Total Pageviews

Wednesday 19 June 2019

Lazy Loading in Angular 7


By default, NgModules are eagerly loaded i.e. as soon as app loads, so do all the NgModules. But for large apps with many routes, lazy loading is very helpful.

Lazy loading loads the components asynchronously when a specific route is activated or when required. It helps to increase the performance and speed of the application. It splits the app into multiple bundles.

Lazy loading was implemented in the Angular router (@angular/router) to fix this. 

Feature module is that module which you want to download when required.

Below is the step by step example of lazy loading:

1) Create a new project with routing option

ng new my-app –routing

2) Create two components - login and register

ng generate component login
ng generate component register

3) Create respective module files in each component folder     as below:

register.module.ts

4) Create a respective router module file in each component folder

register-routing.module.ts

Now my project structure will look like below:


5) Import router module in app.module.ts

import { BrowserModule } from '@angular/platform-browser';
import { NgModule } from '@angular/core';
import { AppComponent } from './app.component';
import { AppRoutingModule } from './app-routing.module';


@NgModule({
  declarations: [
    AppComponent
  ],
  imports: [
    BrowserModule,
    AppRoutingModule
  ],
  providers: [],
  bootstrap: [AppComponent]
})
export class AppModule { }


Remove register component import and declaration from app.module.ts, as each view will have their own module defined.

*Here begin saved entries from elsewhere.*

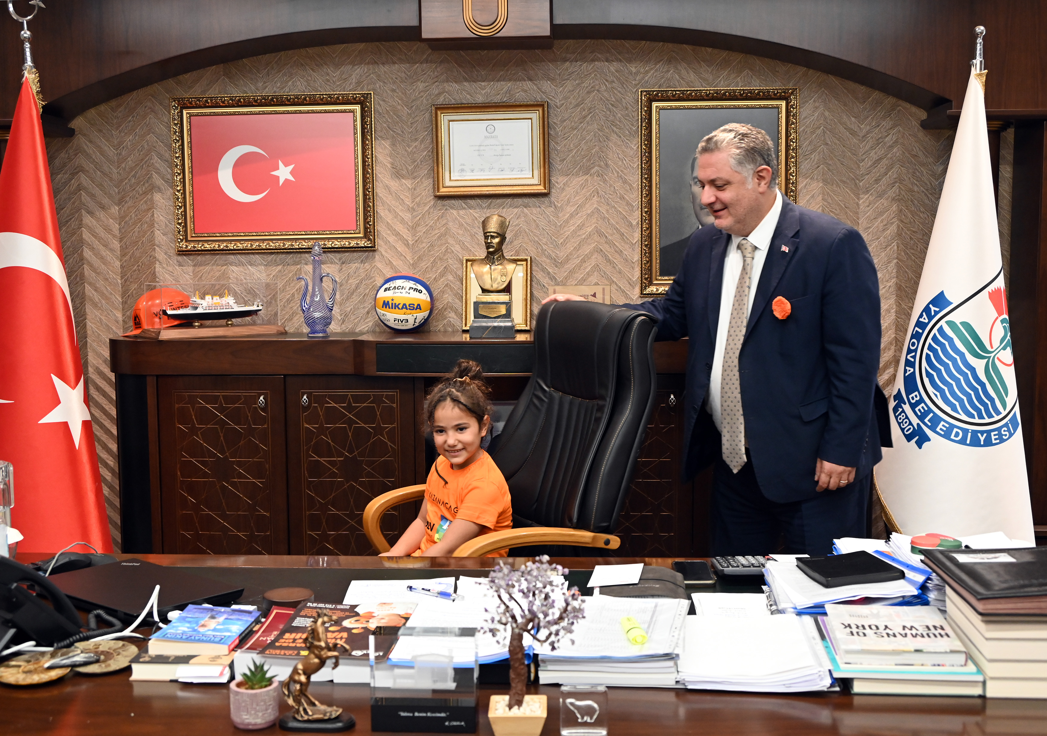 Ziyaretin en renkli anı, 6 yaşındaki Yağmur Çelik’in başkanlık koltuğuna oturmasıyla yaşandı. Minik Yağmur, kısa bir süreliğine de olsa Yalova’nın en küçük başkanı oldu. Başkan Gürel, tüm çocuklara çeşitli hediyeler takdim ederek onların mutluluğuna ortak oldu.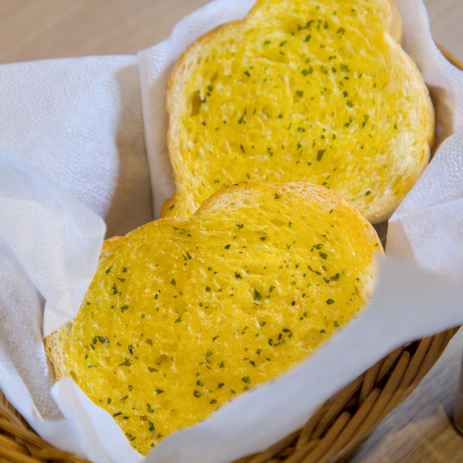 ▲瀧厚的蒜香麵包選用法式長棍切片,抹上自家特製蒜香醬後進爐烘烤。外層微酥帶脆,內裡依然保有濕潤柔軟口感,蒜香撲鼻卻不嗆,咬下是鹹香與奶油的完美融合。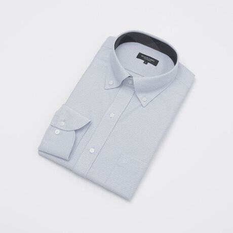 素材には、トリコットカラミ調の素材を使用。ストレッチ性・防シワ性・吸水速乾性に優れたイージーケア素材であり、涼しげな表面感とさわやかな肌触りが最大の特徴です。湿度の高い日でもサラサラとした肌触りを実感でき、着用時や洗濯後のシワを軽減する為、出張時にも最適です。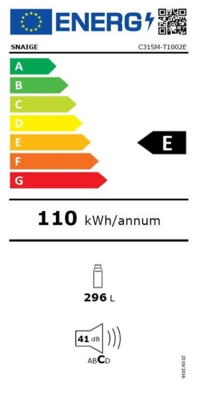 Monoklimatická chladnička, energetická třída E, objem 296 l, spotřeba den/rok: 0,301 kWh / 110 kWh, LED osvětlení, automatické odmrazování chladničky, hlučnost 40 dB, přestavitelné dveře, nastavitelné nožičky, rozměry (V x Š x H): 163 x 60 x 65 cm.
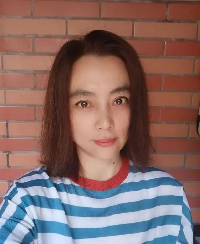 李玲玉因为头发稍微做了一定得打理,所以可以看到其实新长出来的一些头发会显得整个人的头发颜色发生分层的情况,当然这也是比较正常的,身上穿的是一件条纹的衣服,这件衣服的颜色本身是以白色和蓝色为主,但是在领子那里选择的又是一圈红色的线条。

6) Add code in component routing

my-app-routing.module.ts

import { NgModule } from '@angular/core';
import { Routes, RouterModule } from '@angular/router';
import { RegisterComponent } from './register.component';

import { FormsModule, ReactiveFormsModule } from '@angular/forms';

const routes: Routes = [
  {
    path: '',
    component: RegisterComponent
  }];

@NgModule({
  imports: [RouterModule.forChild(routes)],
  exports: [RouterModule]
})
export class RegisterRoutingModule { }



By using forChild we will call child modules (featured module) in app’s main routing module.

In my-app.module.ts

import { NgModule } from '@angular/core';
import { CommonModule } from '@angular/common';

import { RegisterRoutingModule } from './register-routing.module';
import { RegisterComponent } from './register.component';

import { ReactiveFormsModule } from '@angular/forms';

@NgModule({
  declarations: [RegisterComponent],
  imports: [
    CommonModule,
    ReactiveFormsModule,
    RegisterRoutingModule
  ]
})
export class RegisterModule { }


Then in app’s main routing module we will define Routes using loadChildren attribute. The loadChildren module uses # to define each independent module’s name.


In app-routing.module.ts

import { NgModule } from '@angular/core';
import { Routes, RouterModule } from '@angular/router';

import { LoginComponent } from './login/login.component';
import { RegisterComponent } from './register/register.component';

const routes: Routes = [{
    path: "",
    redirectTo: "/login",
    pathMatch: 'full'
  },
    {
        path: 'login',
        component: LoginComponent
    },
    {
        path: 'register',
        loadChildren: './register/register.module#RegisterModule'
    }
];

@NgModule({
  imports: [RouterModule.forRoot(routes)],
  exports: [RouterModule]
})
export class AppRoutingModule { }


And finally add links to Route/Open views

register.component.html

<button [disabled]="loading" class="btn btn-primary" routerLink="register">Register</button>


Now run application using by using below command:

ng-serve

Which will produce below output.



At first only login module will load see attached screenshot



After clicking on register button, register module will load.


Hope this helps. 







No comments:

Post a Comment

Microsoft Logo using flexbox and Reactjs

 <!DOCTYPE html> <html> <head>     <script src="https://unpkg.com/react@18/umd/react.development.js" crossori...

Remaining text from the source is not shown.